**Work required**
For the data below, transcribe the part that opens with the line containing "BOROFONE BJ88 Clever" and closes with the line containing "YWF.A4S-400S-7", exactly and with no pictures.
Data extracts section start
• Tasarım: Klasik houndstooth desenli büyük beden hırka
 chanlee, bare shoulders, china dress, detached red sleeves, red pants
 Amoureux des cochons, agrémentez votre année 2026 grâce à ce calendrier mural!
Data extracts section end
Data extracts section start
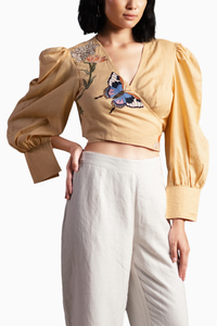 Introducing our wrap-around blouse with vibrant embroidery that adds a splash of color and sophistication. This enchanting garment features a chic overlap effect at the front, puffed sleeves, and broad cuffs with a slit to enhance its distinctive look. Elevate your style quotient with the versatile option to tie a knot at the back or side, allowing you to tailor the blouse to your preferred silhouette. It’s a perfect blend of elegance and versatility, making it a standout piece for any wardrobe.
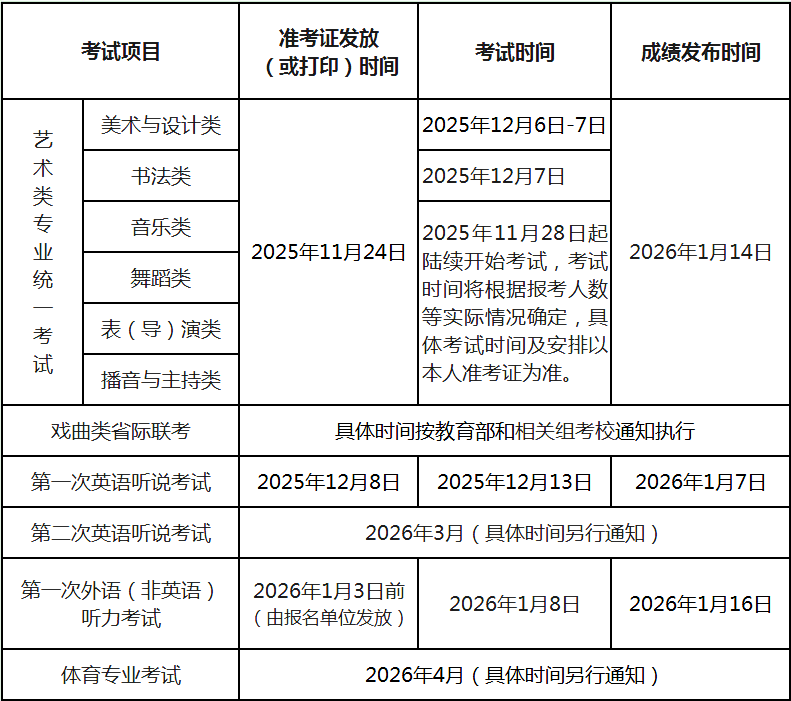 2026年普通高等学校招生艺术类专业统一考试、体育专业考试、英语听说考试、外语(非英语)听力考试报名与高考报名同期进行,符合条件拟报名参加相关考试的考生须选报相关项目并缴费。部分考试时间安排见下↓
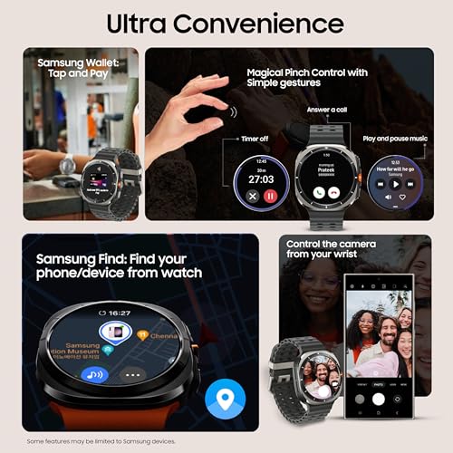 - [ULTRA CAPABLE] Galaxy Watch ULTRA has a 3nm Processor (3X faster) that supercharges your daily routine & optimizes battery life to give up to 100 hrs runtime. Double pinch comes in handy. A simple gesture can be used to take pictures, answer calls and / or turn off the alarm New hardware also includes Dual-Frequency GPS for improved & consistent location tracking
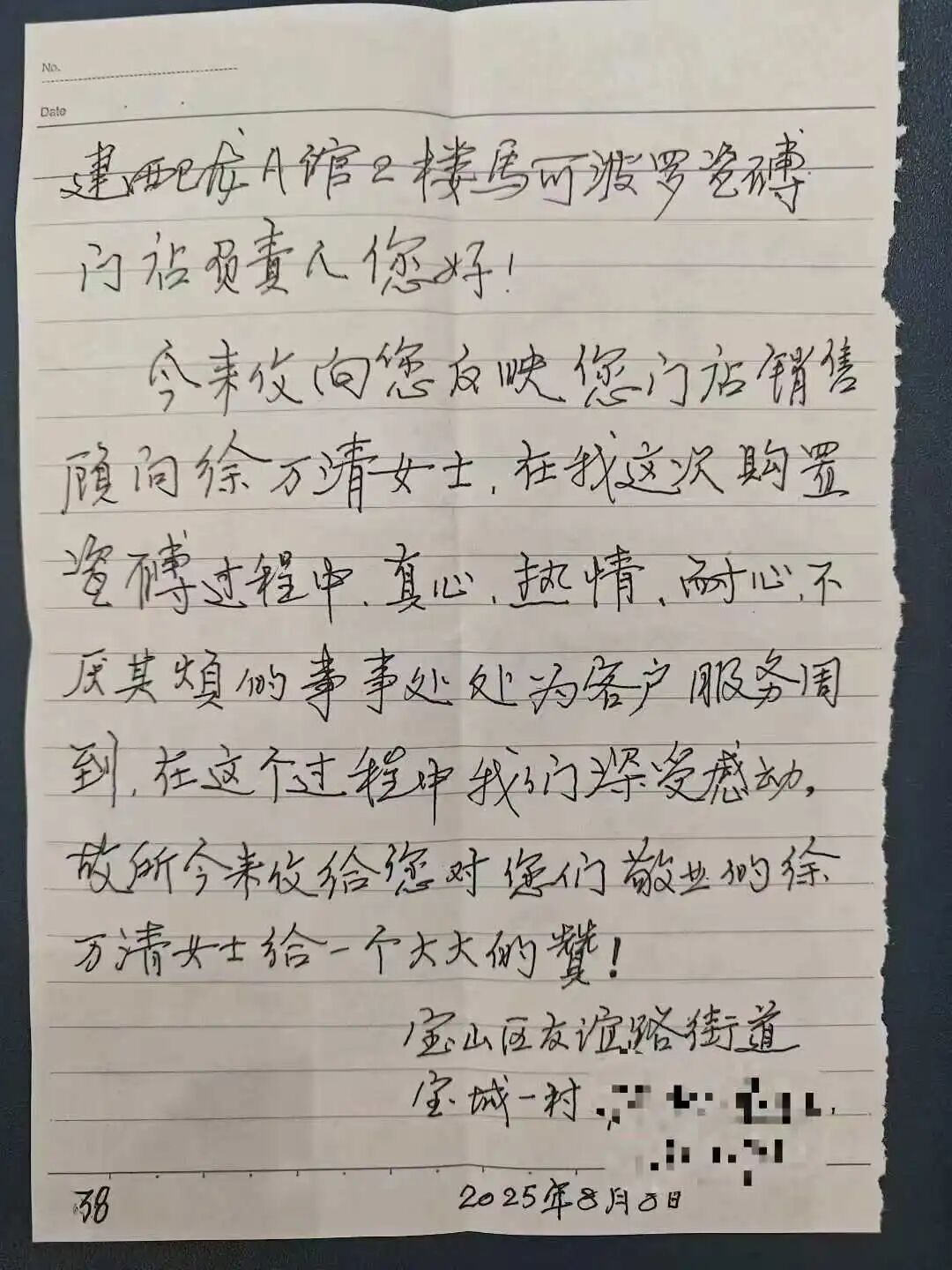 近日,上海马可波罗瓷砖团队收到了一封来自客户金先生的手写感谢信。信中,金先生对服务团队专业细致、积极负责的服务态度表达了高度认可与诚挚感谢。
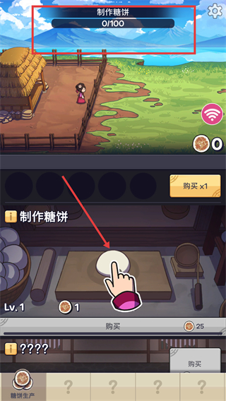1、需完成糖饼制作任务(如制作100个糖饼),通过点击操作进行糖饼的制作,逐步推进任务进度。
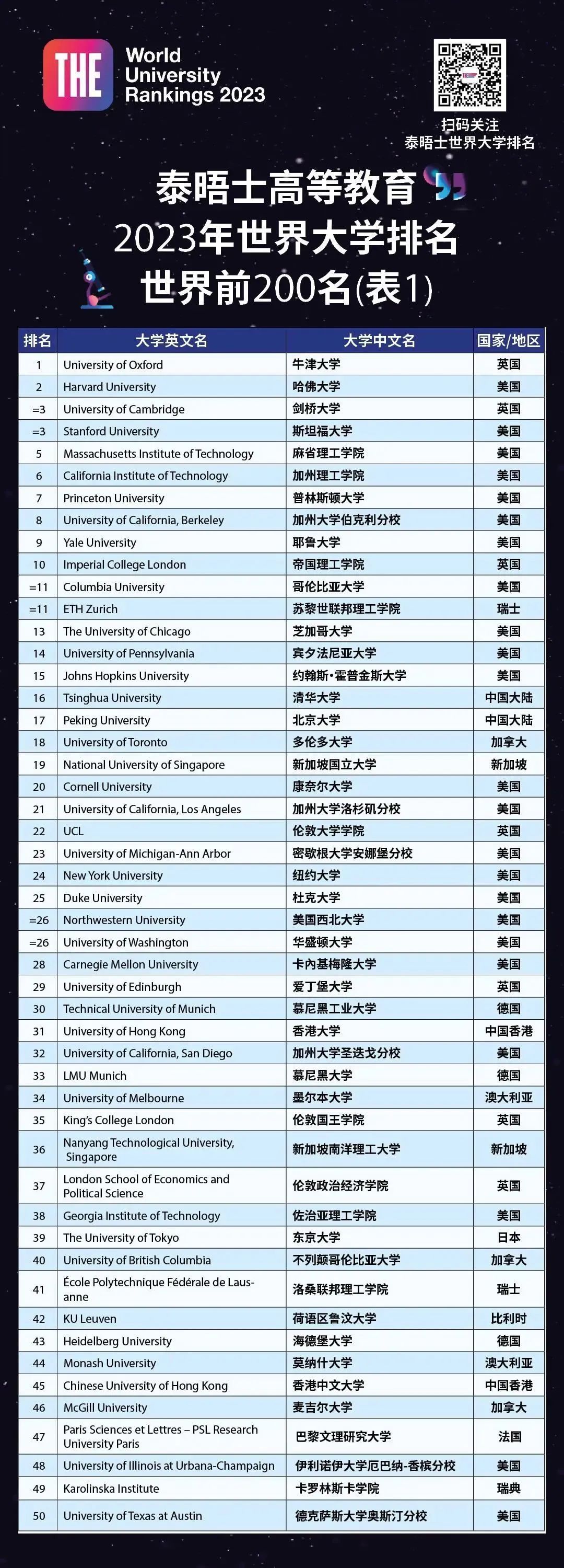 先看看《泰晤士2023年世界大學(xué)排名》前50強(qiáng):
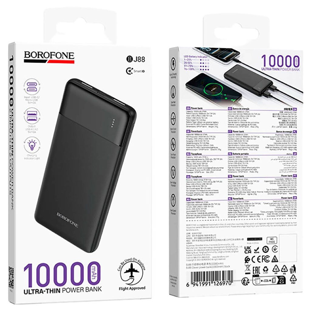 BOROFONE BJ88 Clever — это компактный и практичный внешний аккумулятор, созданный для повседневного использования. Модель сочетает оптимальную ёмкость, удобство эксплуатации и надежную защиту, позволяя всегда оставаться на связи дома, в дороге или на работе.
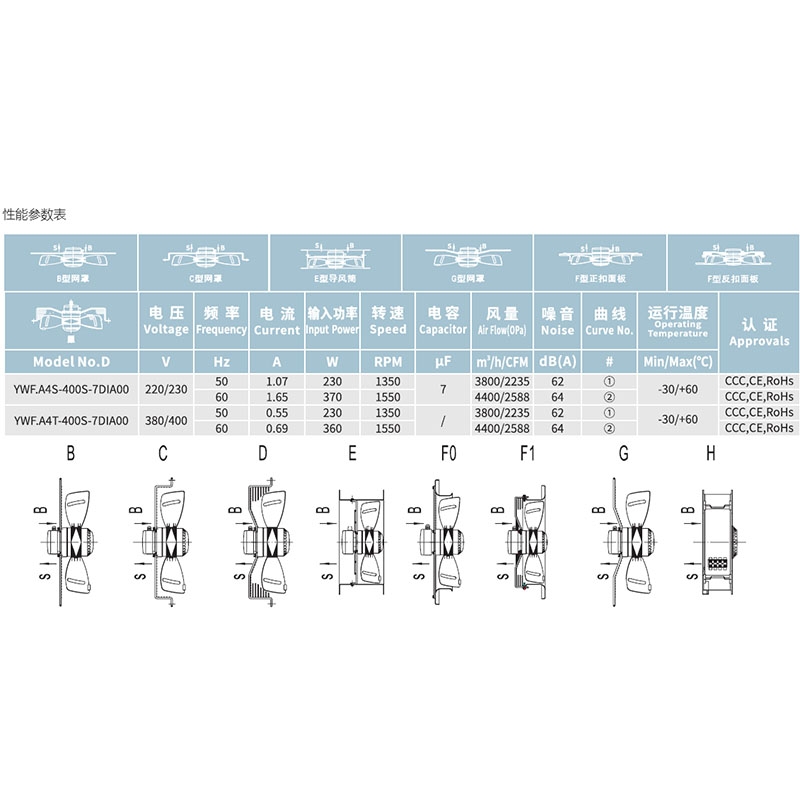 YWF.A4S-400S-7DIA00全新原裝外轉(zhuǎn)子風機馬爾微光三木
Data extracts section end
Data extracts section start
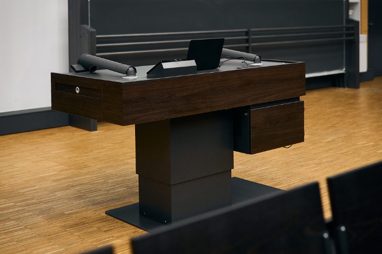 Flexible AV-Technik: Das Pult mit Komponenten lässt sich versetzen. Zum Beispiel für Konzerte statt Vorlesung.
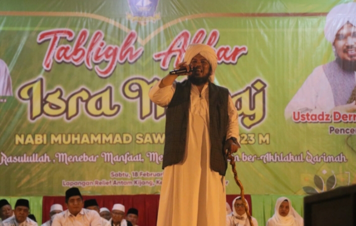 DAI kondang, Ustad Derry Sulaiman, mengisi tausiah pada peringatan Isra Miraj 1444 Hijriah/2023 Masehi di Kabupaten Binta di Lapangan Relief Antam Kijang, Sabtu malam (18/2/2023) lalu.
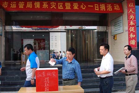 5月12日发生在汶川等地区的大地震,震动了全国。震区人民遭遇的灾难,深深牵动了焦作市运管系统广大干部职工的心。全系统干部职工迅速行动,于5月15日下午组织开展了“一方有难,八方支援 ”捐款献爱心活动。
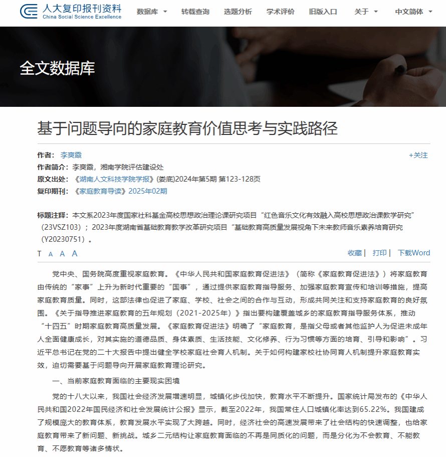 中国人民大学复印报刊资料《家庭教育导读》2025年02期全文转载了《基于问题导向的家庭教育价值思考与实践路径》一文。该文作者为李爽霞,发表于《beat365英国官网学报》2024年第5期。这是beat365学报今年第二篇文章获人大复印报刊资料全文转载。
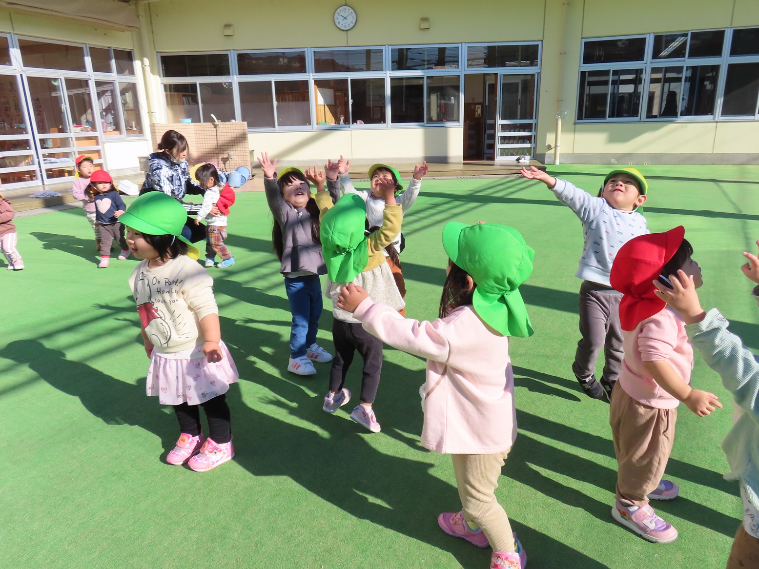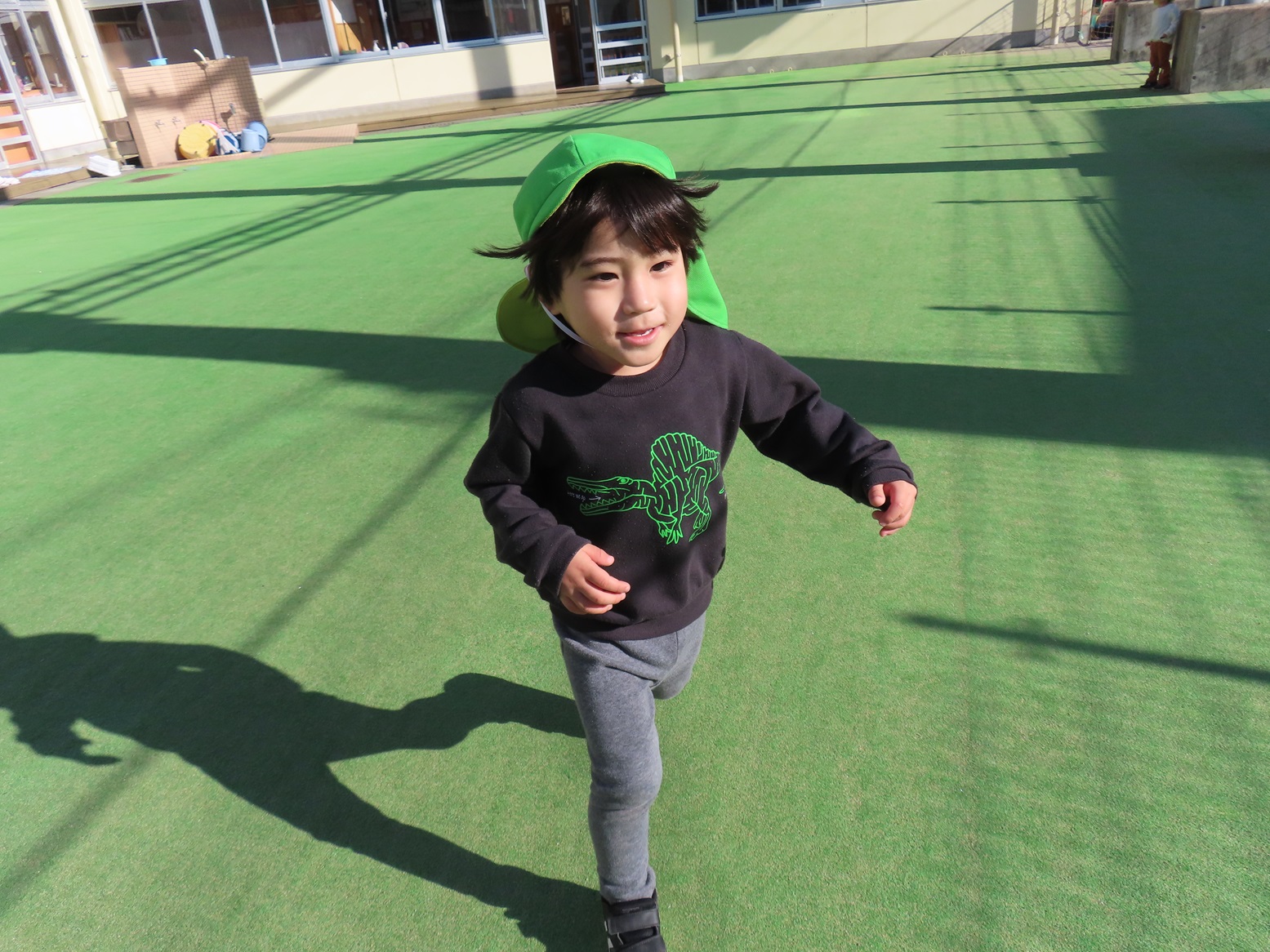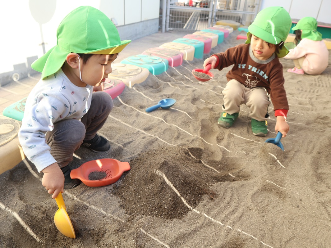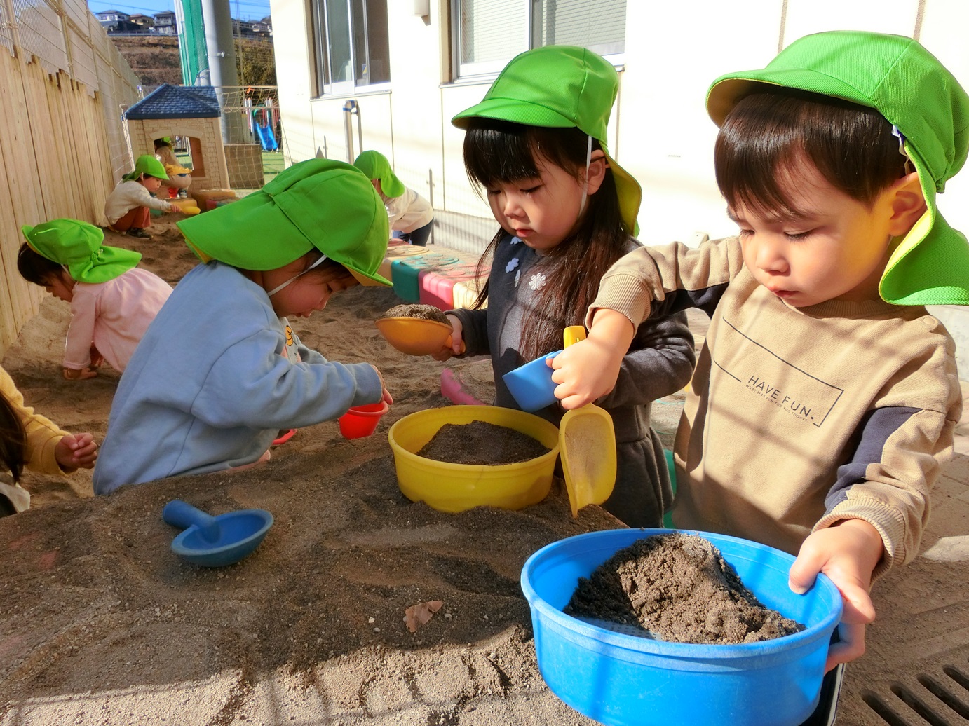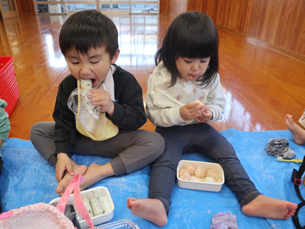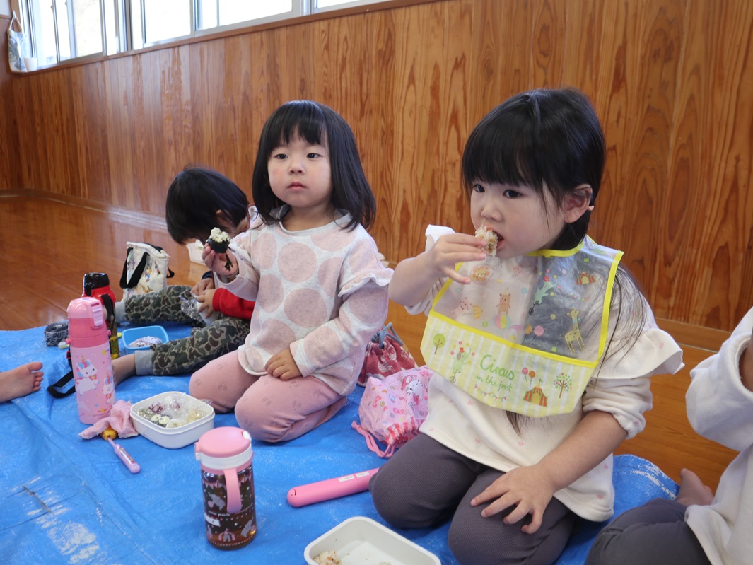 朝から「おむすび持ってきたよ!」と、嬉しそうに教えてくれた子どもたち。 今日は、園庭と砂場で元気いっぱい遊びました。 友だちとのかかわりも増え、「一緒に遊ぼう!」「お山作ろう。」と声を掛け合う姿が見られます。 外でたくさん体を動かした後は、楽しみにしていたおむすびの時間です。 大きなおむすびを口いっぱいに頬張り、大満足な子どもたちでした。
Data extracts section end
**Completed task**
 BOROFONE BJ88 Clever — это компактный и практичный внешний аккумулятор, созданный для повседневного использования. Модель сочетает оптимальную ёмкость, удобство эксплуатации и надежную защиту, позволяя всегда оставаться на связи дома, в дороге или на работе.
 YWF.A4S-400S-7DIA00全新原裝外轉(zhuǎn)子風機馬爾微光三木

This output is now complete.